Economic Growth in South Africa: Q2 2024
GDP growth and sector contributions
South Africa’s gross domestic product (GDP) grew by 0.4% in the second quarter of 2024, an improvement from the stagnant (revised) -0.1% growth in the first quarter. The finance, real estate, and business services sectors were significant contributors, increasing by 1.3% and adding 0.3 percentage points to the overall GDP growth. Specific economic activities like financial intermediation, real estate, and other business services saw increased activity. The trade, catering, and accommodation industry also saw a rise of 1.2%, contributing 0.1 percentage points, reflecting increased activities in wholesale, retail trade, and accommodation.

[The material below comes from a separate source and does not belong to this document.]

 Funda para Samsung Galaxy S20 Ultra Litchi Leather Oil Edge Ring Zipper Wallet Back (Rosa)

The manufacturing sector, contributing 1.1%, saw growth in six out of ten divisions, notably in motor vehicles, parts and accessories, food and beverages, and basic metals. The electricity, gas, and water sectors grew by 3.1%, adding another 0.1 percentage points, driven by increases in production and consumption. However, the transport, storage, and communication sector decreased by 2.2%, detracting 0.2 percentage points, mainly due to lower land transport and support services activities. The agriculture, forestry, and fishing sector also declined by 2.1%, contributing negatively by 0.1 percentage points.
Expenditure on GDP
In terms of expenditure, real GDP increased by 0.5% in the second quarter, bouncing back from a 0.1% decrease in the first quarter.
Household final consumption expenditure (HFCE) rose by 1.4%, contributing 0.9 percentage points to overall growth. The highest growth rates within HFCE were observed in services and semi-durable goods categories, especially in expenditures on clothing, footwear, and food and non-alcoholic beverages.

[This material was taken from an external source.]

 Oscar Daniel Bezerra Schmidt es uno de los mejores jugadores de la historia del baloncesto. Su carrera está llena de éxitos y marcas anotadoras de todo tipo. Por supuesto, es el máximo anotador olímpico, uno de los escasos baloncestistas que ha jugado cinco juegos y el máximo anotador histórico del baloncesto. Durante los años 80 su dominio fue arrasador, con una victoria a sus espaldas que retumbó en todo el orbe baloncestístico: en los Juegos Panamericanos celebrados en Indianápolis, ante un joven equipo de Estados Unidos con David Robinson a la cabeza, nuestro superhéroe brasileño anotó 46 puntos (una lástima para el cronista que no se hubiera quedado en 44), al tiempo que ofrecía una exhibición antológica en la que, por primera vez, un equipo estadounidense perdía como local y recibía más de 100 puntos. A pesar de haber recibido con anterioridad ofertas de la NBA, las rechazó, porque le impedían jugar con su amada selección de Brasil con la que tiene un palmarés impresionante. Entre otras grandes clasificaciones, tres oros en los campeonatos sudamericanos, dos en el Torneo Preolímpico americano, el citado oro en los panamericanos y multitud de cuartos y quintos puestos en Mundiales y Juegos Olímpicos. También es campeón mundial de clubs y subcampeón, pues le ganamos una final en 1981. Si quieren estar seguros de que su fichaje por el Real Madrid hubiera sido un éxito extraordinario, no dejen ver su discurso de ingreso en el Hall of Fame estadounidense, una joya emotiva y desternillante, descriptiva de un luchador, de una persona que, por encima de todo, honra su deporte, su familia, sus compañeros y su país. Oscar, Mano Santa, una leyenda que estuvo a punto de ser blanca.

Final consumption expenditure by the government increased by 1.0%, adding 0.2 percentage points, driven by higher purchases of goods and services and employee compensation. However, gross fixed capital formation decreased by 1.4%, subtracting 0.2 percentage points from GDP growth. The decline was primarily due to reductions in other assets, construction works, and machinery, and other equipment.
Trade and inventory impact
Inventories saw a significant build-up with a seasonally adjusted and annualised increase of R9.6 billion. This was driven by substantial contributions from the trade, catering and accommodation, manufacturing, finance, real estate, and business services sectors. However, net exports contributed negatively to GDP expenditure as exports of goods and services decreased by 0.4%, influenced by lower trade in vegetable products, mineral products, and vehicles. In contrast, imports increased by 1.7%, driven by higher trade in vehicles, mineral products, and textiles.
Overall, South Africa's economy exhibited mixed signals with some sectors showing significant growth and others facing declines.